- Work required
Going from the line that contains "昭和43年(1968)4月1" through the last line of the records, set down each line again exactly, both included, with pictures left out.

═══ Data for analysis ═══

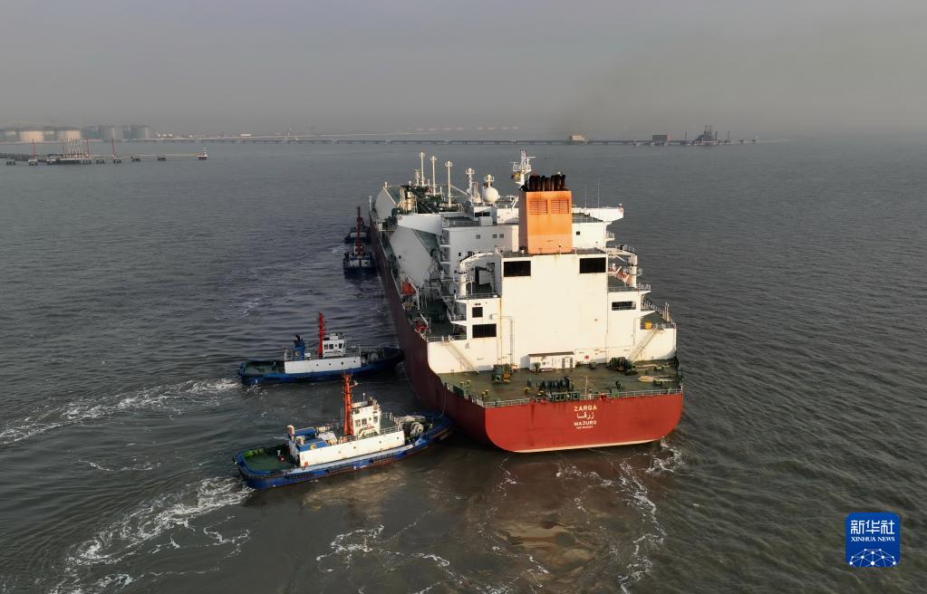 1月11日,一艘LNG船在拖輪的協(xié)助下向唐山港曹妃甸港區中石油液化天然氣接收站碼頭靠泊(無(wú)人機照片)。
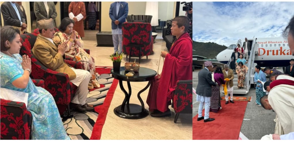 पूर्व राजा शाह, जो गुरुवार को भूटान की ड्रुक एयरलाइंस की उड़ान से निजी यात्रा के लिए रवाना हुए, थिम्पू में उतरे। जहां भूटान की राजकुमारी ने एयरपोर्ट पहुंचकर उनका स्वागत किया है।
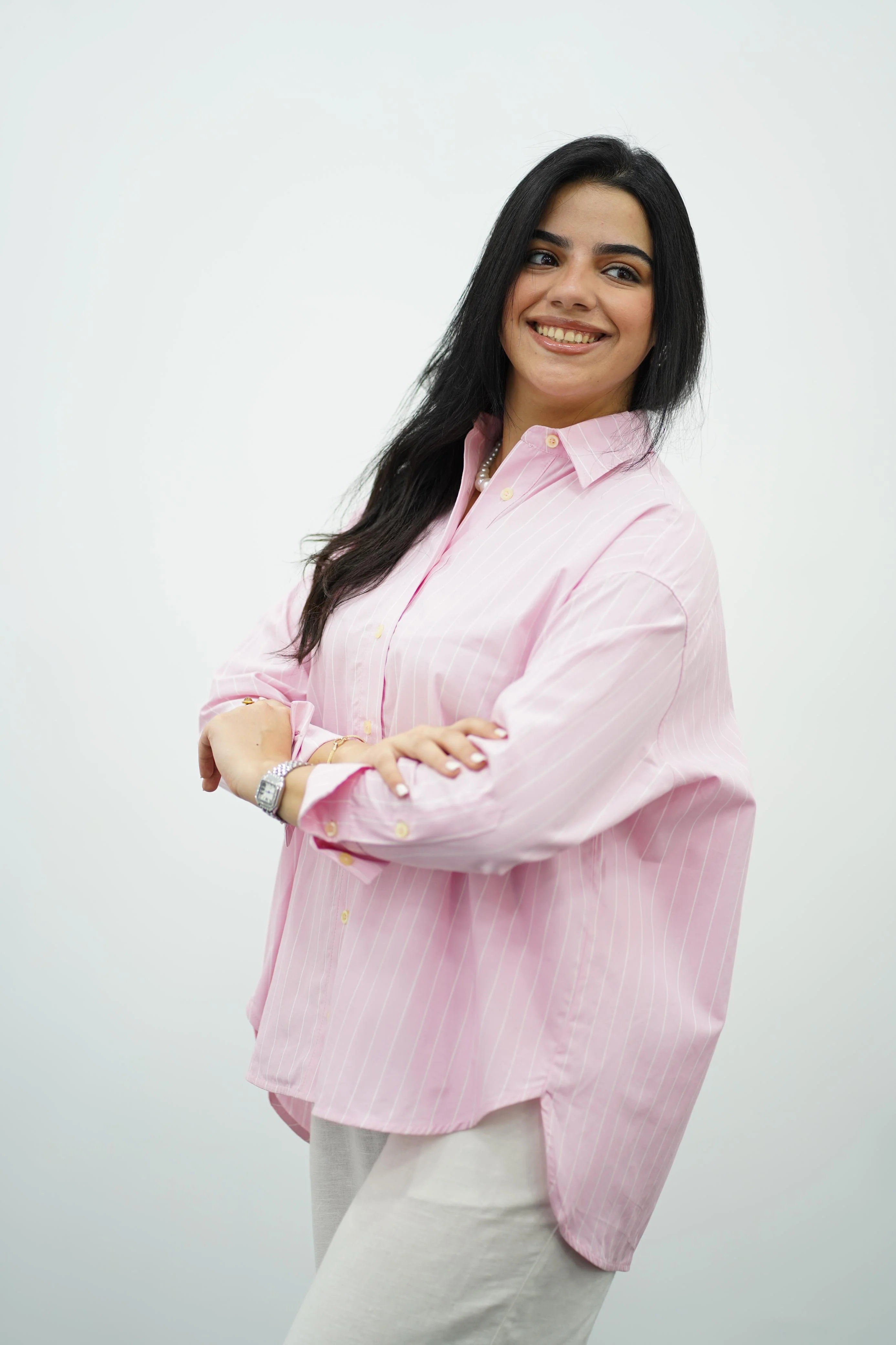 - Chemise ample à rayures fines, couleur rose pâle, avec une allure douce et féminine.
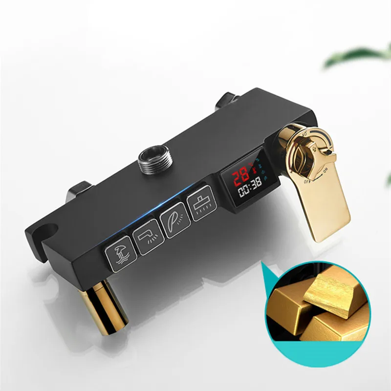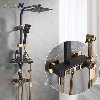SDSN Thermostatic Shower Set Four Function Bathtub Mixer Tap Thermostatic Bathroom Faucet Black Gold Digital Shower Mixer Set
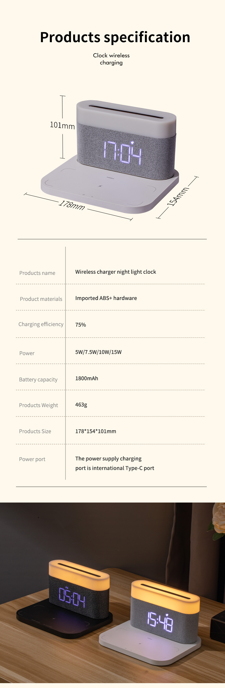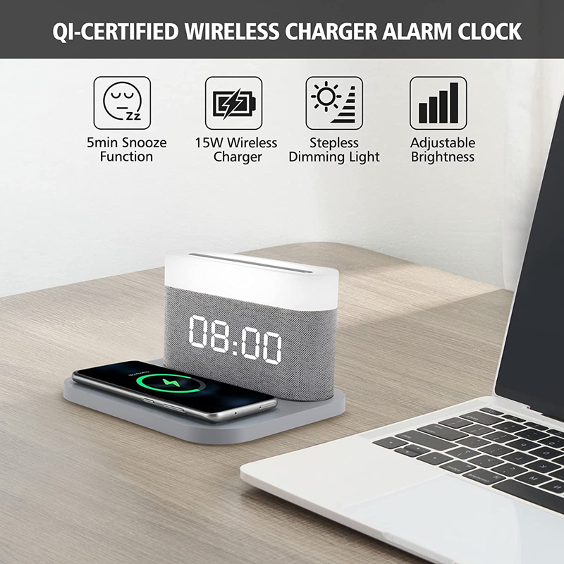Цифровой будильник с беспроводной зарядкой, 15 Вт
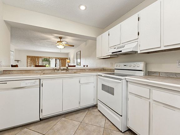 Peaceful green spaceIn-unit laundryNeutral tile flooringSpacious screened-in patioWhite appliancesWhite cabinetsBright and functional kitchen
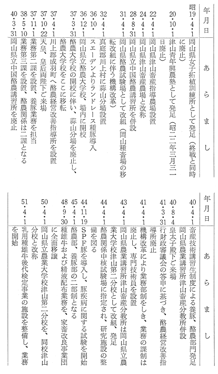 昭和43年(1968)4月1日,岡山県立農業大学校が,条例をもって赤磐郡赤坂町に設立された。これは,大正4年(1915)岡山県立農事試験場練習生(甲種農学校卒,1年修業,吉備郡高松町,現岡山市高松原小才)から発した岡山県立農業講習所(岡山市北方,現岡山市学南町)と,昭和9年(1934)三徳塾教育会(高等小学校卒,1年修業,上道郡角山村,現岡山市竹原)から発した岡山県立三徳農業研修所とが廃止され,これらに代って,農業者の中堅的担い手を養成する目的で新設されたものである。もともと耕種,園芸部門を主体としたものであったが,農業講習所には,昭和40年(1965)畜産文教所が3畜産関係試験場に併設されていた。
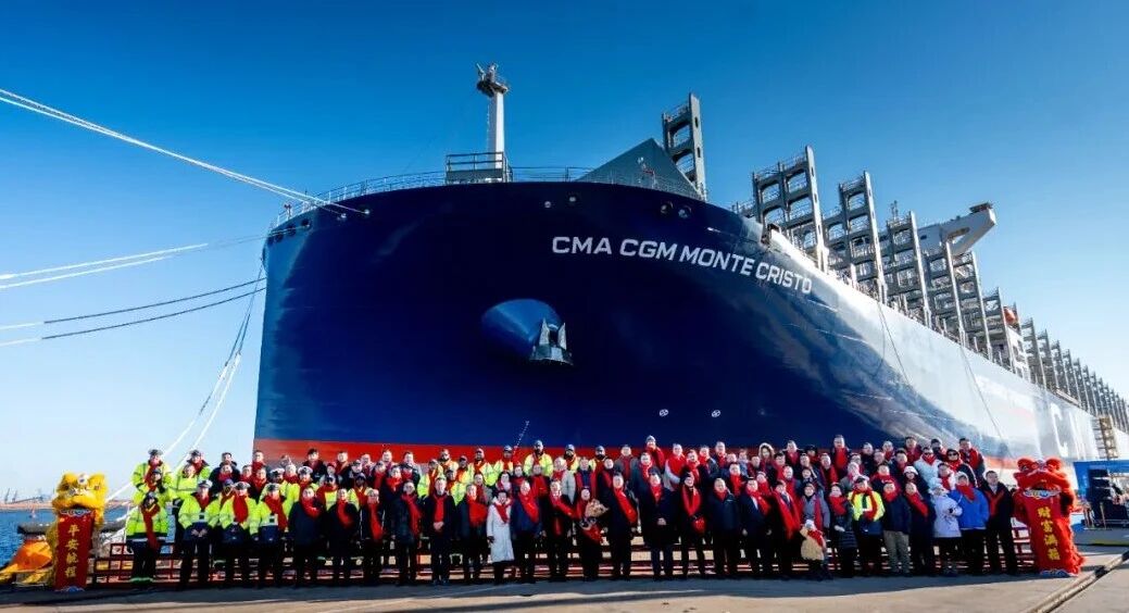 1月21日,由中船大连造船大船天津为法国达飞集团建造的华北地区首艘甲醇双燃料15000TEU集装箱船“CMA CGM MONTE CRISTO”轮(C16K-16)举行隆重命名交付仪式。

═══

- Task result
 昭和43年(1968)4月1日,岡山県立農業大学校が,条例をもって赤磐郡赤坂町に設立された。これは,大正4年(1915)岡山県立農事試験場練習生(甲種農学校卒,1年修業,吉備郡高松町,現岡山市高松原小才)から発した岡山県立農業講習所(岡山市北方,現岡山市学南町)と,昭和9年(1934)三徳塾教育会(高等小学校卒,1年修業,上道郡角山村,現岡山市竹原)から発した岡山県立三徳農業研修所とが廃止され,これらに代って,農業者の中堅的担い手を養成する目的で新設されたものである。もともと耕種,園芸部門を主体としたものであったが,農業講習所には,昭和40年(1965)畜産文教所が3畜産関係試験場に併設されていた。
 1月21日,由中船大连造船大船天津为法国达飞集团建造的华北地区首艘甲醇双燃料15000TEU集装箱船“CMA CGM MONTE CRISTO”轮(C16K-16)举行隆重命名交付仪式。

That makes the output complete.